--- Extracted records Enclosed Below ---
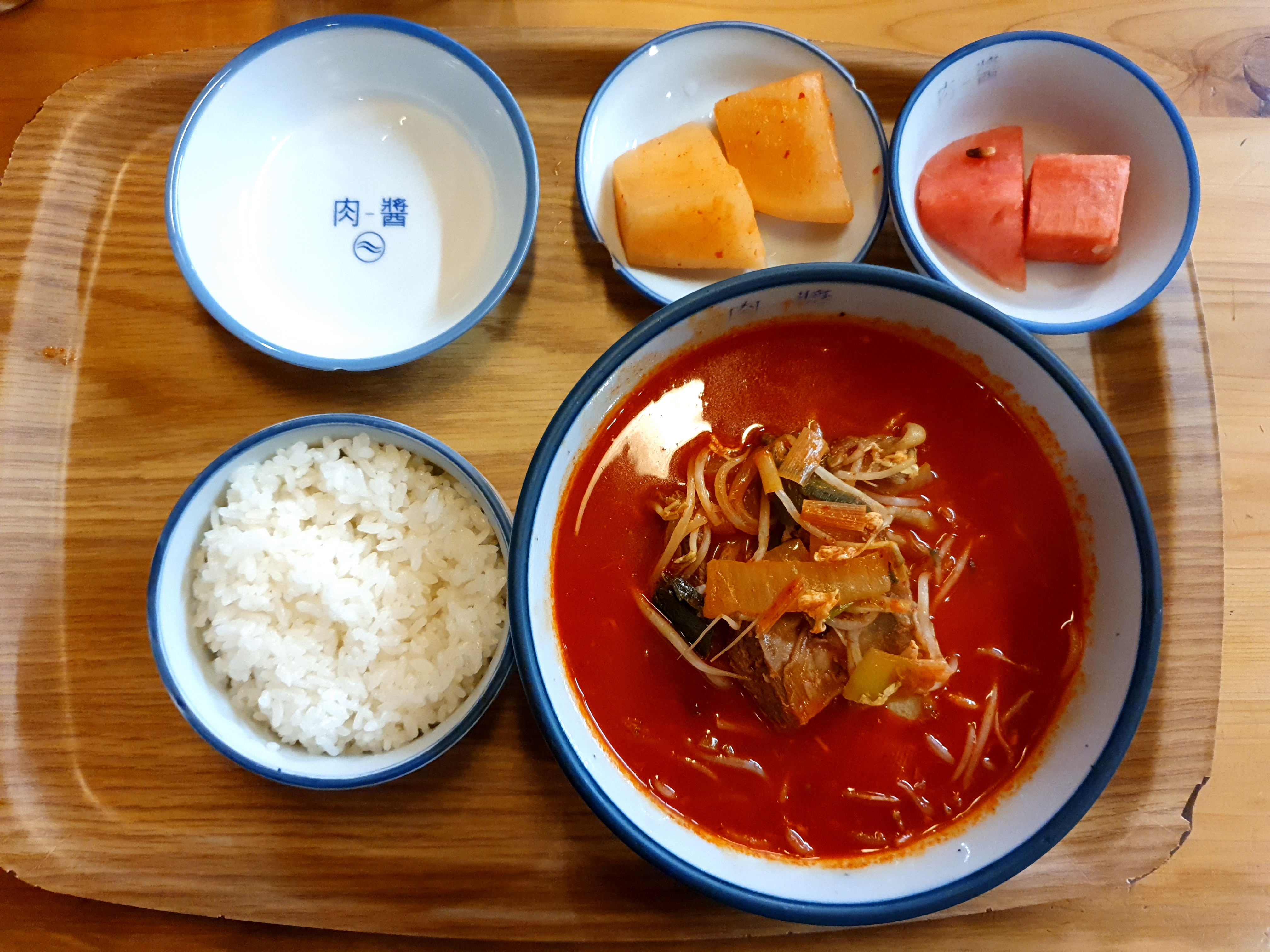 사진으로 보기에 매우 비슷해보이시죠. 위에가 육갈탕 아래가 육라면입니다. 각각 쟁반으로 나오는 데 빨리 먹고 싶더라구요. 엄청찐한 빨간 국물이예요
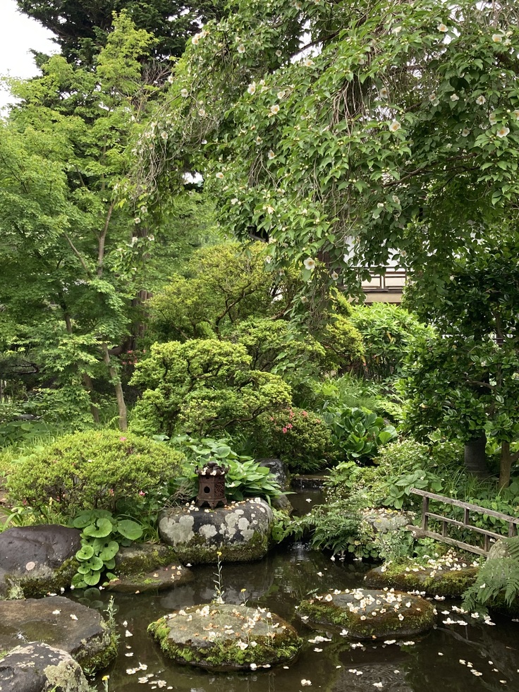池の水のせせらぎ、沙羅の花が静かに落ちていく姿が儚く、人の心を惹きつけます。
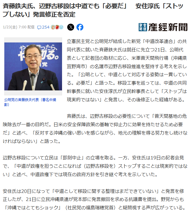 | … | 44無念Nameとしあき26/01/24(土)20:46:16No.1382433033+>立憲に比べたら公明ってめちゃめちゃ右寄りだなってわかる |
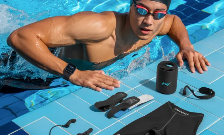 For workouts that allow music, waterproof earbuds or a shower-safe speaker add motivation. Choose sweat-resistant tech with secure fit for use during dryland sessions or warm-ups.
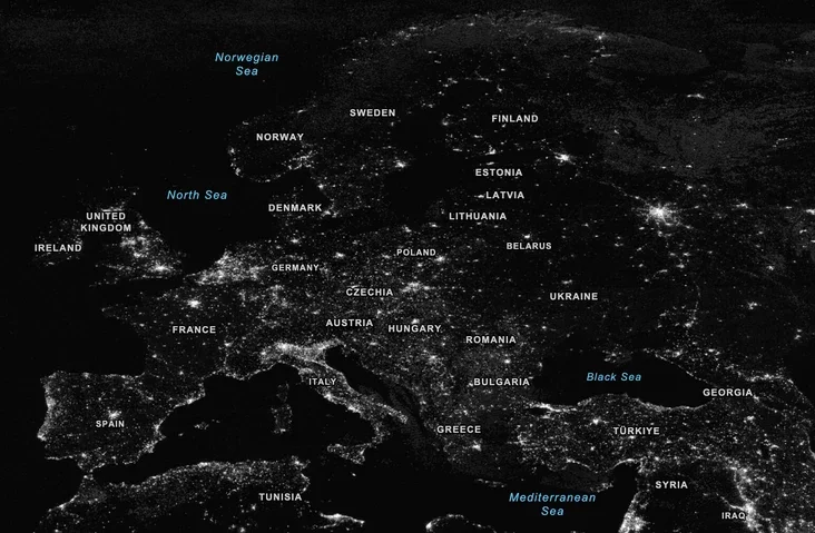 Здесь видно, что Беларусь в целом на фоне Западной Европы подсвечена довольно слабо, особенно в сравнении с Италией или Турцией.
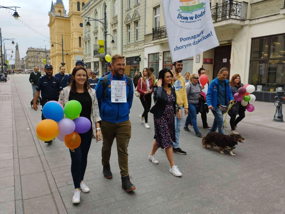 A Damianowi Szymańskiemu w spacerze Piotrkowską towarzyszyła cała fundacyjna ekipa. Przyłączyć się do niezwykłej inicjatywy postanowiła też łódzka policja.
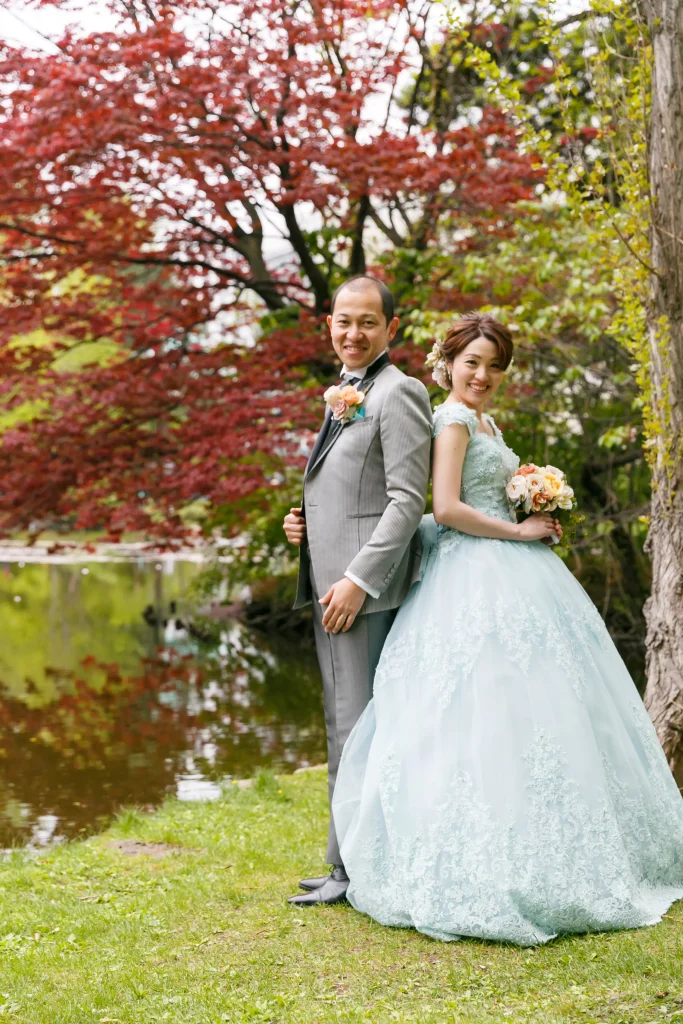 中島公園で紅葉フォトウェデイング豊平館、永山邸お客様の声
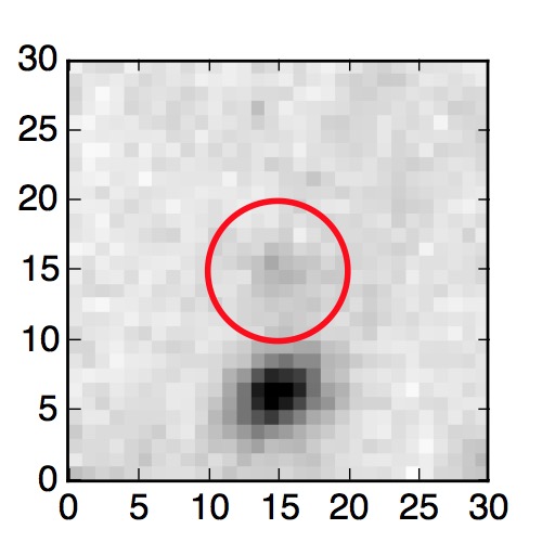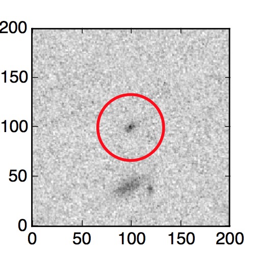 The red circle in the various panels is 1" in radius. The images are 6"x6".
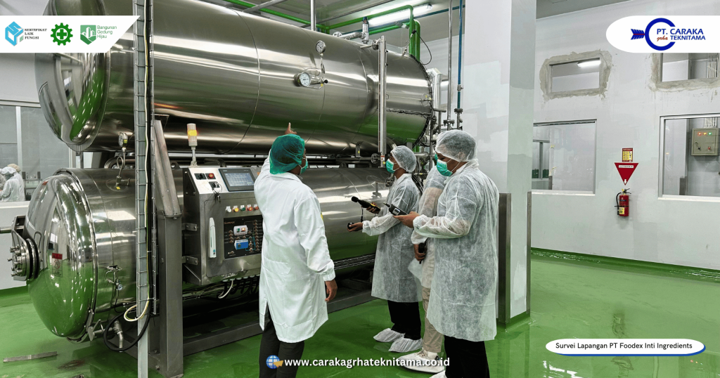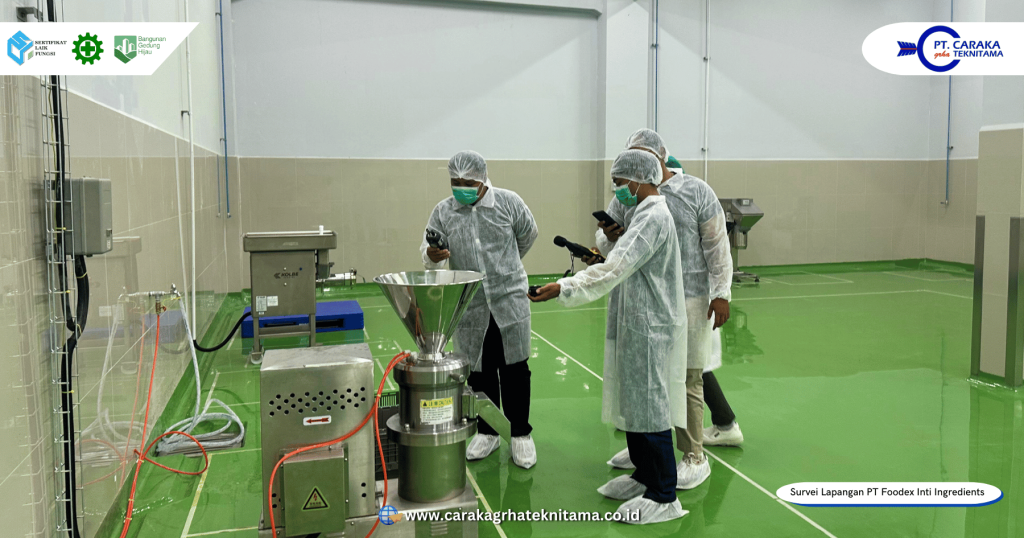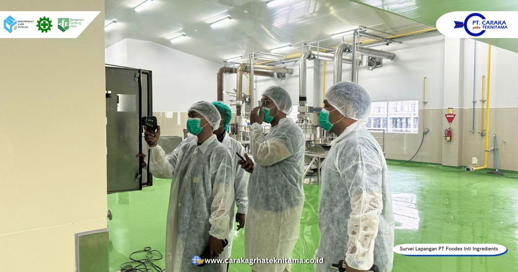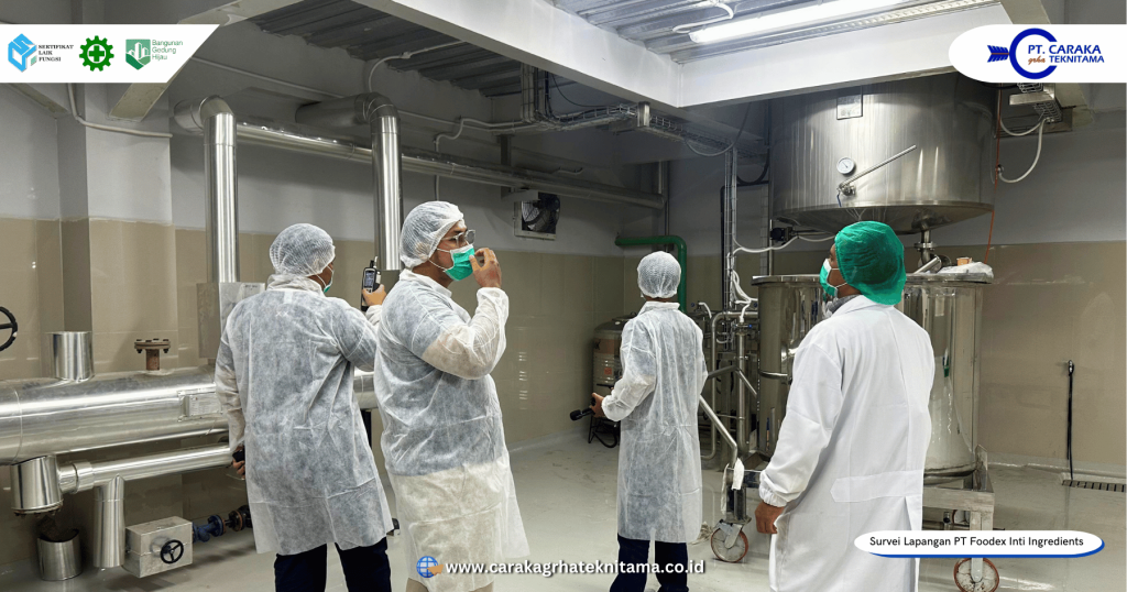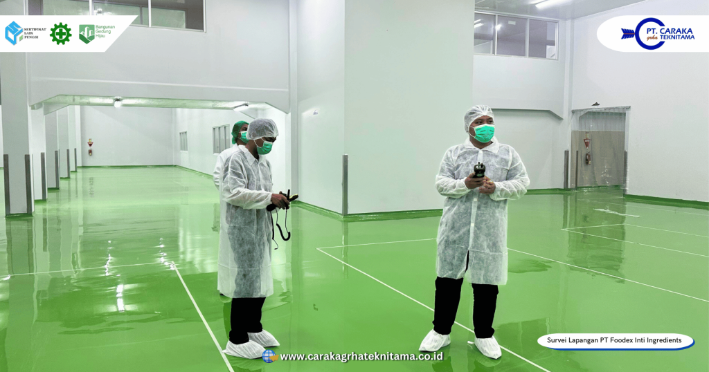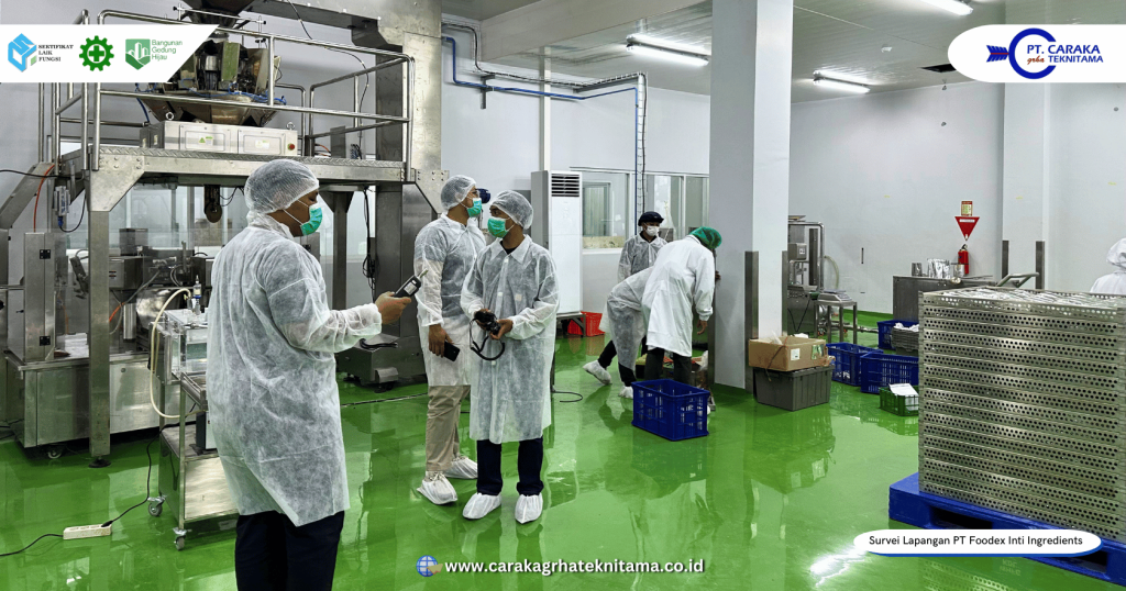 PT Caraka Grha Teknitama selaku konsultan yang dipercaya oleh PT Foodex Inti Ingredients dalam proyek penerbitan SLF, melaksanakan survei lapangan dan pengujian teknis secara komprehensif dan sistematis. Kegiatan diawali dengan koordinasi pra-survei yang membahas pembagian area serta penetapan objek pengujian, sehingga seluruh proses dapat berjalan efektif dan sesuai dengan rencana pengujian yang telah disusun sebelumnya.
--- End of Enclosed Extracted records ---
Directions ▸
Leave out the pictures. Transcribe only the lines above, from the first through the one that contains "The red circle".

Answer for this exercise ▸
 사진으로 보기에 매우 비슷해보이시죠. 위에가 육갈탕 아래가 육라면입니다. 각각 쟁반으로 나오는 데 빨리 먹고 싶더라구요. 엄청찐한 빨간 국물이예요
池の水のせせらぎ、沙羅の花が静かに落ちていく姿が儚く、人の心を惹きつけます。
 | … | 44無念Nameとしあき26/01/24(土)20:46:16No.1382433033+>立憲に比べたら公明ってめちゃめちゃ右寄りだなってわかる |
 For workouts that allow music, waterproof earbuds or a shower-safe speaker add motivation. Choose sweat-resistant tech with secure fit for use during dryland sessions or warm-ups.
 Здесь видно, что Беларусь в целом на фоне Западной Европы подсвечена довольно слабо, особенно в сравнении с Италией или Турцией.
 A Damianowi Szymańskiemu w spacerze Piotrkowską towarzyszyła cała fundacyjna ekipa. Przyłączyć się do niezwykłej inicjatywy postanowiła też łódzka policja.
 中島公園で紅葉フォトウェデイング豊平館、永山邸お客様の声
 The red circle in the various panels is 1" in radius. The images are 6"x6".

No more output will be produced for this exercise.